>>>

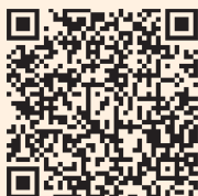
▲（一財）米子市学校給食会「今月の献立」

米子市の学校給食では6月の食育月間にあわせて他県の郷土料理や特産品を給食にとり入れた「ふるさと交流ウィーク」を実施しています。今年度は身近な中国地方の食文化を特集しました。
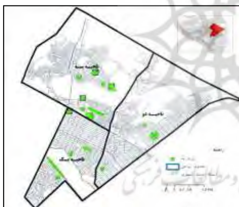
شکل ۴- موقعیت پارک‌ها در منطقه ۳
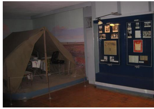
Тың игерушілерге арналған шатыр.

1918 жылы тамыз айында Кеңес үкіметі Қазақстанға оқ-дәрі, қару-жарак артқан экспедиция жіберді. Бұл экспедицияны Торғай өлкесінің сол кездегі төтенше соғыс комиссары Ә. Жангелдин басқарды.
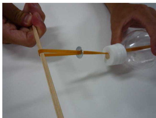
⑦ 輪ゴムをワッシャーの中を通し、わりばしにひっかける。
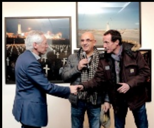
→ 15 janvier. Où Sommes-nous? Au Carreau, pour le vernissage de l'exposition du collectif Tendance Floue.
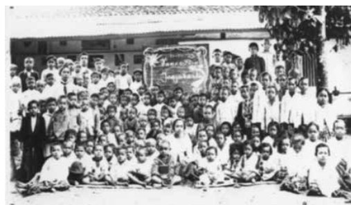
Gambar 1. Ki dan Nyi Hajar Dewantara di antara pamong dan siswa Taman Siswa Jl. Tanjung, Yogyakarta, 1925.

Konstruksi tersebut terus direproduksi dalam ajaran-ajaran yang diberikan di Tamansiswa, baik di sekolah maupun asrama. Kebijakan-kebijakan yang dikeluarkan dalam Tamansiswa bahkan tidak bisa lepas dari konstruksi tersebut. Ki Hajar bahkan dengan aktif menulis dan menjawab pertanyaan di Wasita dan Poesara untuk menjelaskan yang boleh dan tidak boleh dilakukan oleh para anggota perempuannya (Majelis Luhur Persatuan Tamansiswa 2013, hh. 245-247)
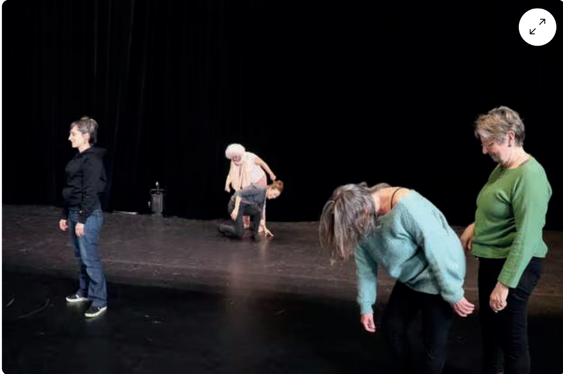
Les exercices demandés par les metteuses en scène ont régulièrement provoqué des scènes de franche rigolade.

<<<

# What you need to do
Show all lines above holding "Hajar".

# Answer to this task
Gambar 1. Ki dan Nyi Hajar Dewantara di antara pamong dan siswa Taman Siswa Jl. Tanjung, Yogyakarta, 1925.
Konstruksi tersebut terus direproduksi dalam ajaran-ajaran yang diberikan di Tamansiswa, baik di sekolah maupun asrama. Kebijakan-kebijakan yang dikeluarkan dalam Tamansiswa bahkan tidak bisa lepas dari konstruksi tersebut. Ki Hajar bahkan dengan aktif menulis dan menjawab pertanyaan di Wasita dan Poesara untuk menjelaskan yang boleh dan tidak boleh dilakukan oleh para anggota perempuannya (Majelis Luhur Persatuan Tamansiswa 2013, hh. 245-247)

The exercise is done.